What follows is a set of records. Copy them exactly and leave out the images.

==============================

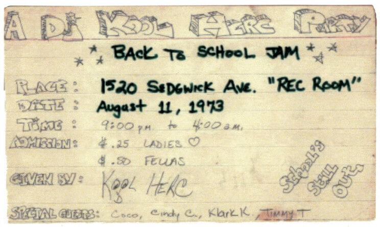 11 августа 1973 года диджей по имени Kool Herc устроил вечеринку в подвале жилого дома на 1520 Sedgwick Avenue в Бронксе, Нью-Йорк. Конечно, основы хип-хопа были заложены еще раньше и в разных местах разными людьми, но 11 августа 1973 года стало своего рода символической датой, обозначающей «рождение хип-хопа».
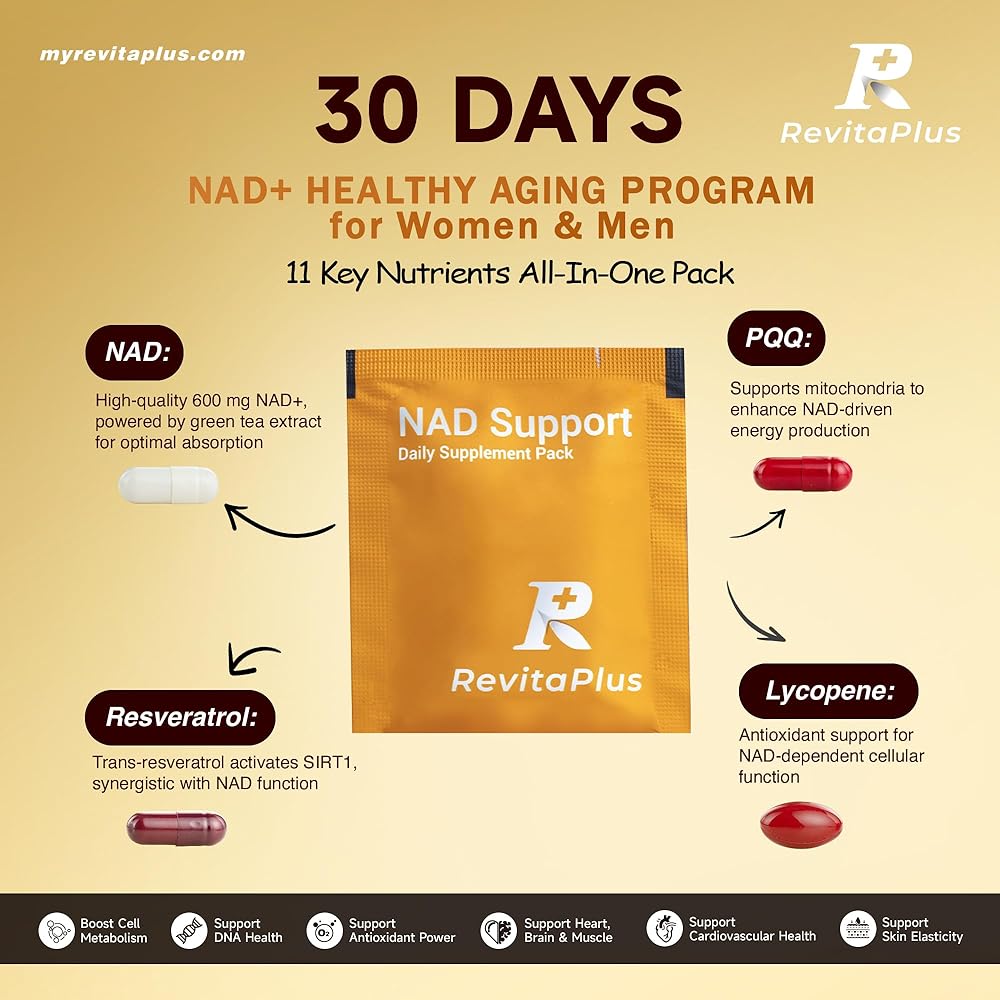 Designed for Simplify Your Life: Unlike traditional single-bottle supplements, RevitaPlus NAD+ daily pack makes it easy—no need to manage multiple bottles or complex routines. Perfect for busy schedules, travel, and long-term wellness habits
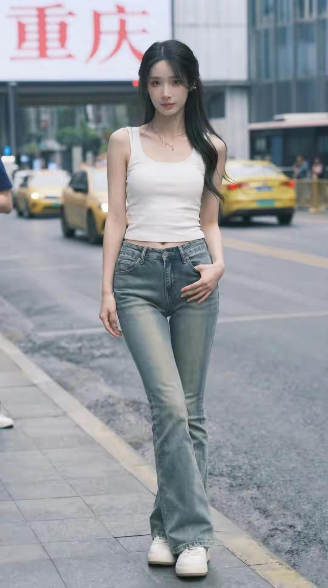 春夏最爱还是牛仔,怎么都穿不厌!阔腿牛仔裤是显瘦神器,搭配白背心、针织衫或衬衫
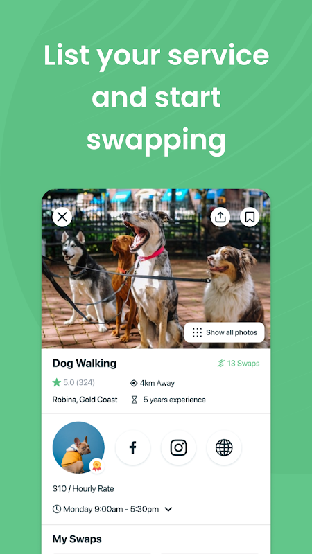 ابحث عن منتجاتك أو خدماتك وتبادلها في جميع أنحاء أستراليا. اعثر على كل شيء من البستنة إلى صيانة المنزل، ومن البناء إلى اللياقة البدنية، ومن الأثاث إلى العناية الشخصية مباشرةً على التطبيق. إذا كان لديك منتج أو خدمة، فأدرجها وابدأ التبادل على تطبيقنا اليوم.
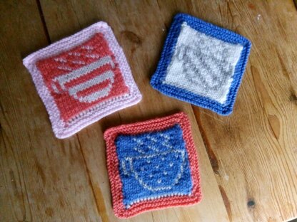 Knitting pattern for 3 reversible coasters. These are made on DPNs using the "double knitting" technique to produce a double sided fabric, with the design on both sides (with colours reversed).
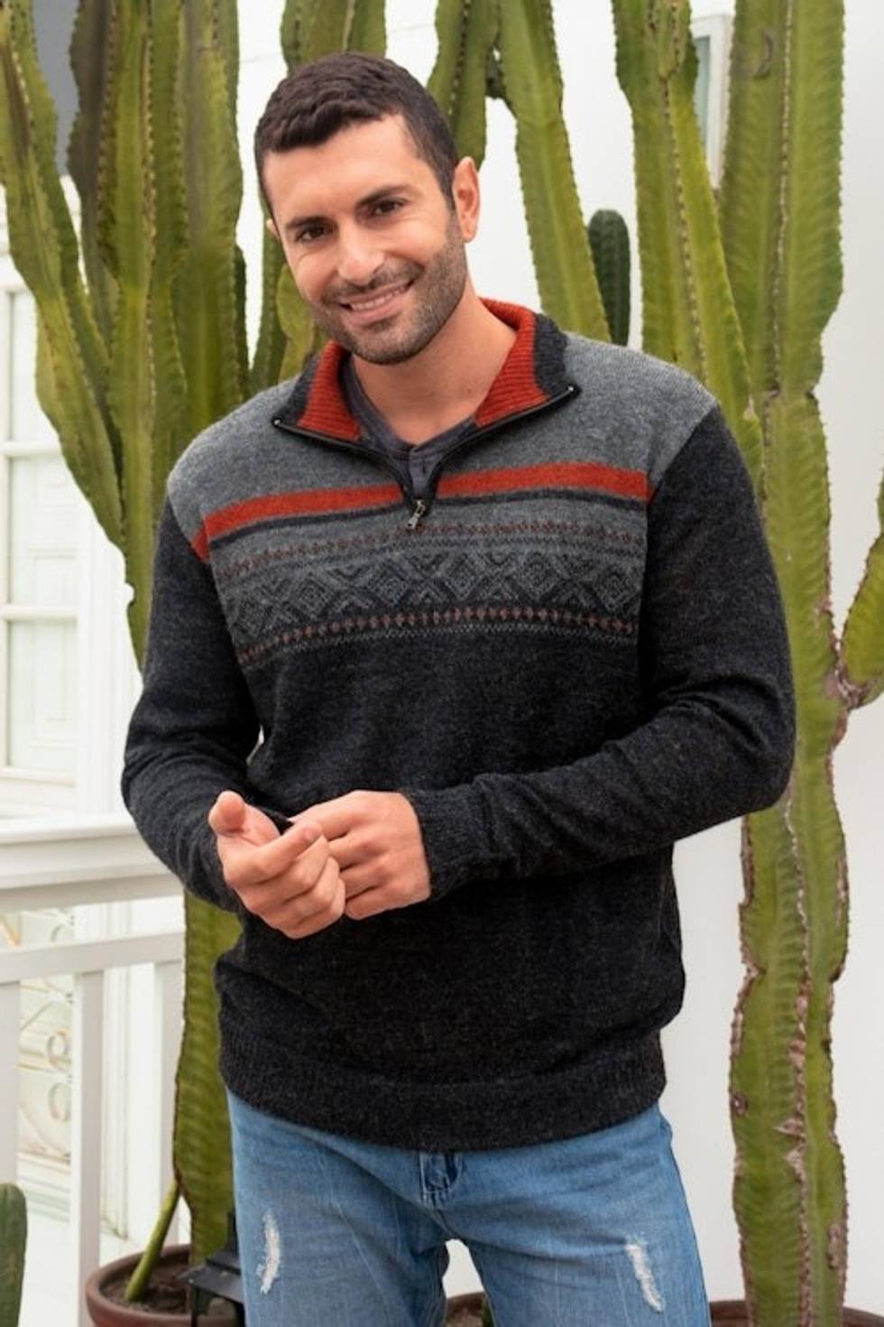 Men's Grey 100 Alpaca Pullover from Peru 'Winter Traveler' Item ID: 2671667576
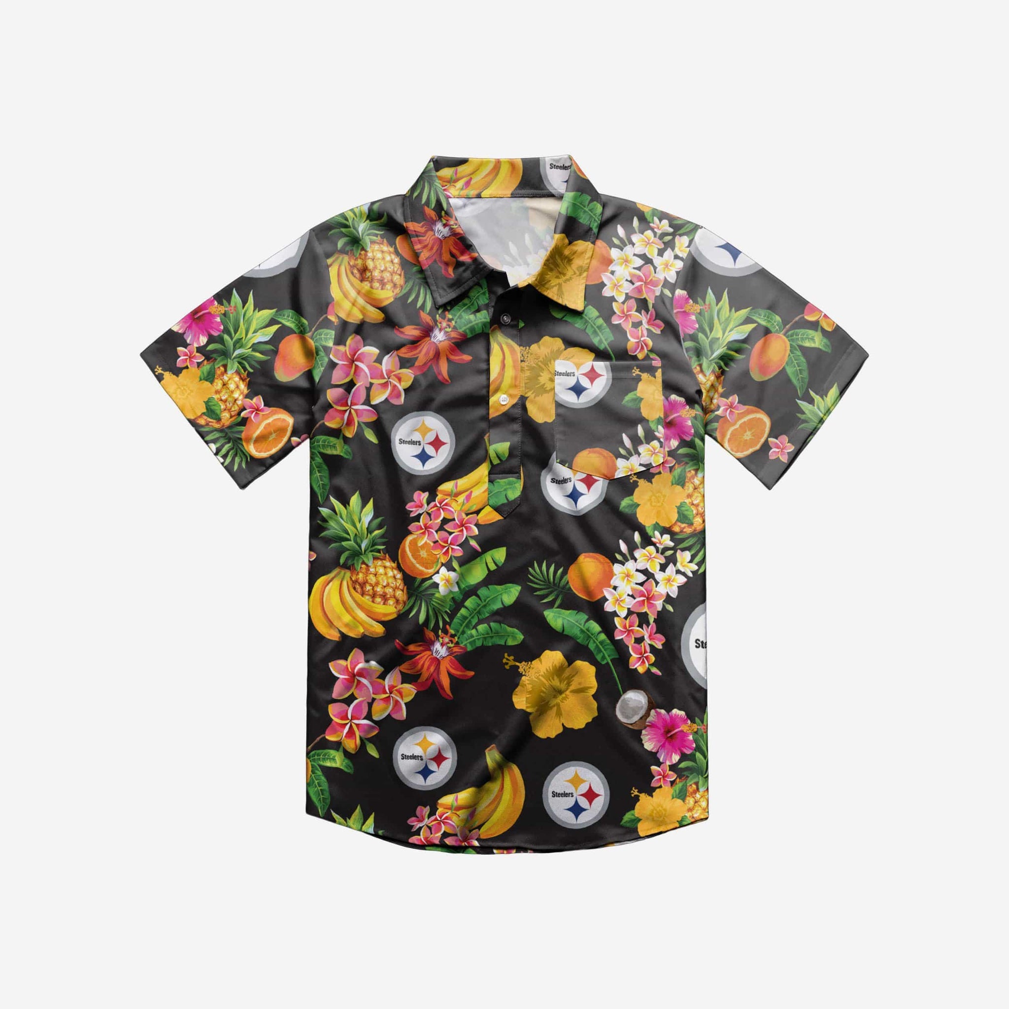 Everyone knows it's good to have fruit in your diet. Turns out it's good to have fruit in your wardrobe, too. Show off your juicy team spirit in this Pittsburgh Steelers Fruit Flair Men's Short Sleeve Polo Shirt. It's gonna have you looking like a healthy snack.
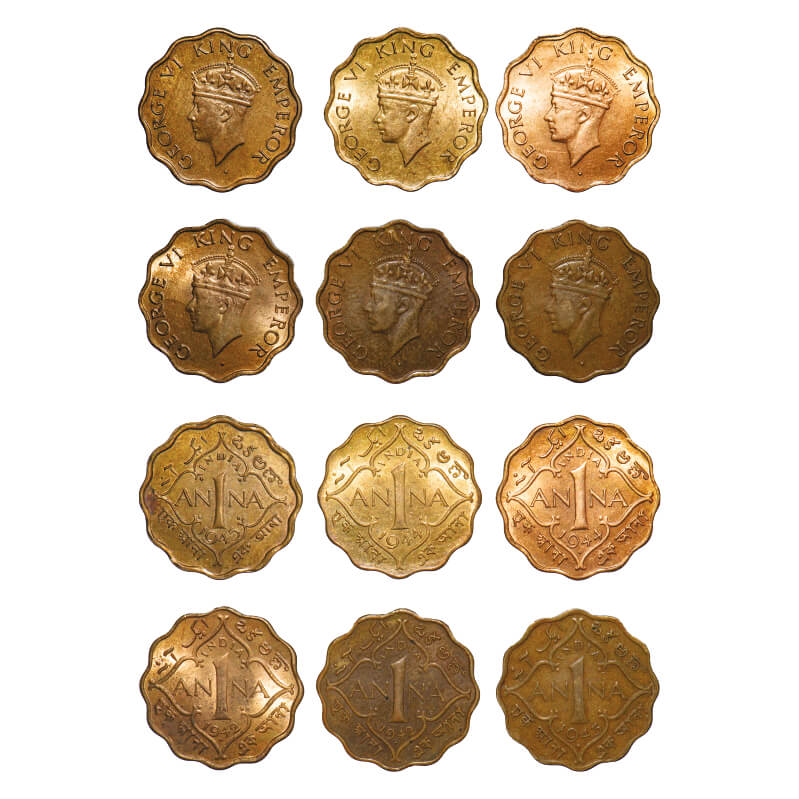 | George VI, Nickel-Brass, 1 Anna, (lot of 6 coins), 1 & 2) 1942, Bombay Mint, Dot, Head Type II, 3) 1943, Bombay Mint, Dot, Head Type II, Large numeral 3, 4) 1944, Bombay Mint , Dot, Head Type II, 5) 1944, Calcutta Mint, No dot, Head Type II, 6) 1945, Calcutta Mint, No dot, Head Type II, Top stroke of numeral 5 short. F. Prid 976(2), 977, 978, 966. GK 1388(2), 1391, 1393, 1394. Extremely Fine to Brilliant Uncirculated. Scarce as a lot |
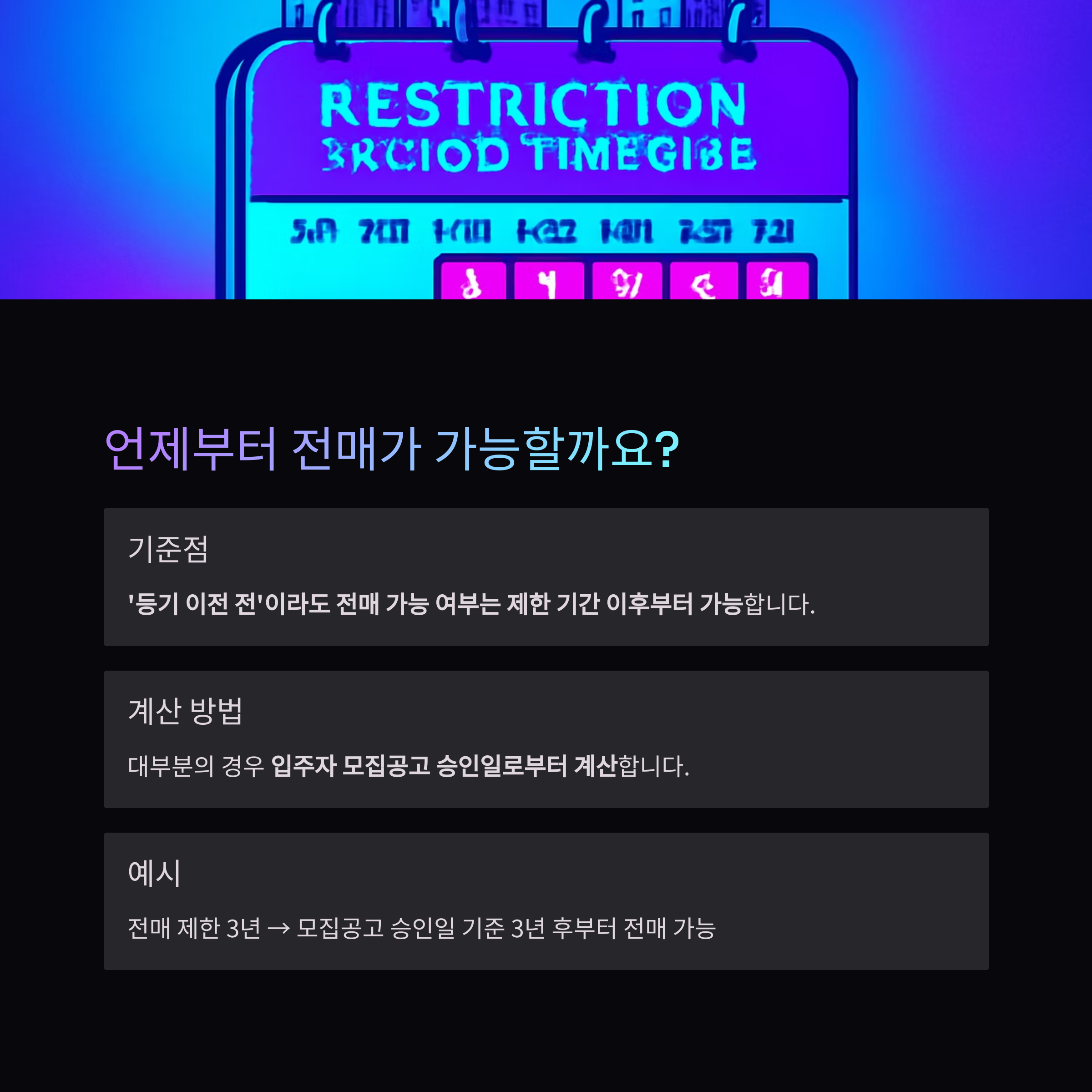 예: 전매 제한 3년 → 모집공고 승인일 기준 3년 후부터 전매 가능
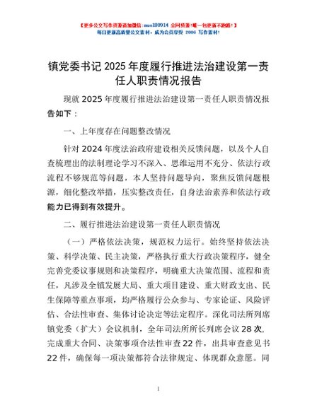 / 镇党委书记2025年度履行推进法治建设第一责任人职责情况报告
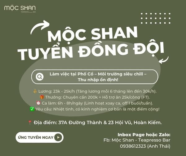 Bạn yêu thích mùi thơm của trà ủ máy, muốn làm việc tại trung tâm phố cổ "xịn xò" và đang tìm một môi trường Gen Z năng động? Về chung nhà với Mộc Shan ngay thôi! Chúng mình đang tuyển Nhân viên linh hoạt vị trí cho cả 2 cơ sở đây!

==============================

**RESPONSE BELOW:**
 11 августа 1973 года диджей по имени Kool Herc устроил вечеринку в подвале жилого дома на 1520 Sedgwick Avenue в Бронксе, Нью-Йорк. Конечно, основы хип-хопа были заложены еще раньше и в разных местах разными людьми, но 11 августа 1973 года стало своего рода символической датой, обозначающей «рождение хип-хопа».
 Designed for Simplify Your Life: Unlike traditional single-bottle supplements, RevitaPlus NAD+ daily pack makes it easy—no need to manage multiple bottles or complex routines. Perfect for busy schedules, travel, and long-term wellness habits
 春夏最爱还是牛仔,怎么都穿不厌!阔腿牛仔裤是显瘦神器,搭配白背心、针织衫或衬衫
 ابحث عن منتجاتك أو خدماتك وتبادلها في جميع أنحاء أستراليا. اعثر على كل شيء من البستنة إلى صيانة المنزل، ومن البناء إلى اللياقة البدنية، ومن الأثاث إلى العناية الشخصية مباشرةً على التطبيق. إذا كان لديك منتج أو خدمة، فأدرجها وابدأ التبادل على تطبيقنا اليوم.
 Knitting pattern for 3 reversible coasters. These are made on DPNs using the "double knitting" technique to produce a double sided fabric, with the design on both sides (with colours reversed).
 Men's Grey 100 Alpaca Pullover from Peru 'Winter Traveler' Item ID: 2671667576
 Everyone knows it's good to have fruit in your diet. Turns out it's good to have fruit in your wardrobe, too. Show off your juicy team spirit in this Pittsburgh Steelers Fruit Flair Men's Short Sleeve Polo Shirt. It's gonna have you looking like a healthy snack.
 | George VI, Nickel-Brass, 1 Anna, (lot of 6 coins), 1 & 2) 1942, Bombay Mint, Dot, Head Type II, 3) 1943, Bombay Mint, Dot, Head Type II, Large numeral 3, 4) 1944, Bombay Mint , Dot, Head Type II, 5) 1944, Calcutta Mint, No dot, Head Type II, 6) 1945, Calcutta Mint, No dot, Head Type II, Top stroke of numeral 5 short. F. Prid 976(2), 977, 978, 966. GK 1388(2), 1391, 1393, 1394. Extremely Fine to Brilliant Uncirculated. Scarce as a lot |
 예: 전매 제한 3년 → 모집공고 승인일 기준 3년 후부터 전매 가능
 / 镇党委书记2025年度履行推进法治建设第一责任人职责情况报告
 Bạn yêu thích mùi thơm của trà ủ máy, muốn làm việc tại trung tâm phố cổ "xịn xò" và đang tìm một môi trường Gen Z năng động? Về chung nhà với Mộc Shan ngay thôi! Chúng mình đang tuyển Nhân viên linh hoạt vị trí cho cả 2 cơ sở đây!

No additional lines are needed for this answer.